The fields vary when the Authentication Protocol is set to SAML. The SAML-specific fields are described below.

Idp Provisioning

The Manual option allows you to manually input details into the IdP fields.

The MetaData File option allows you to upload an IdP MetaData File. This simplifies the configuration of the IdP attributes, including the IdP Entity ID, IdP SSO URL and IdP Logoff URL. The metadata file can be downloaded from the IdP.

IdP Metadata File

This field is only visible if the IdP Provisioning field is set to MetaData File. To upload the file - click Browse, navigate to and select the relevant file and click Import IdP MetaData File.

IdP Entity ID

Specify the IdP entity identifier.

IdP SSO URL

Specify the IdP SSO URL.

IdP Logoff URL

Specify the IdP logoff URL.

IdP Certificate

The IdP Certificate is very important in terms of verification of the assertions that must be contained in the SAML response that is received from the IdP. Without the certificate, verification cannot proceed.

SP Entity ID

This is an identifier that is shared to enable the IdP to understand, accept and have knowledge of the entity when request messages are sent from the LoadMaster. This must correlate to the identifier of the relying party on the AD FS server.

SP Signing Certificate

It is optional to sign requests that are sent in the context of logon. Currently, the LoadMaster does not sign those requests.

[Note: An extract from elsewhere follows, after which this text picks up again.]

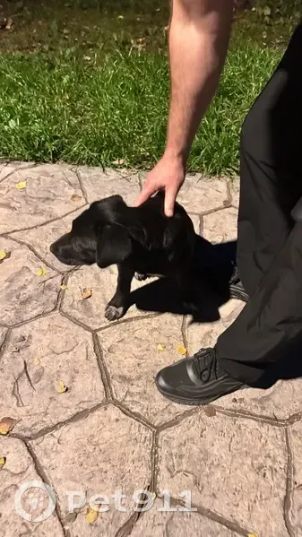 Черная собака, ухоженная, есть ошейник, но бе...
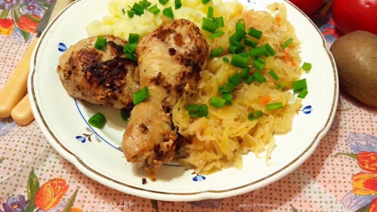Подаем голени с картофельным пюре и капустой, посыпав зеленым луком. Приятного аппетита!

In the context of log off requests – it is mandatory and these requests must be signed. This is to avoid any spoofing and to provide extra security in relation to log off functionality. This ensures that users are not being hacked and not being logged off unnecessarily.

In the SP Signing Certificate drop-down list, you can choose to use a self-signed certificate or third party certificate to perform the signing.

Download SP Signing Certificate

If using a self-signed certificate, click Download to download the certificate. This certificate must be installed on the IdP server (for example AD FS) to be added to the relying party signature.

The AD FS server requires this certificate for use of the public key to verify the signatures that the LoadMaster generates.

Session Control

The IdP Session Max Duration option does not appear to be usable when the IdP is AD FS. SAML and the LoadMaster supports it if present in the Authentication Response.

SP Session Idle Duration

Specify the session idle duration (in seconds).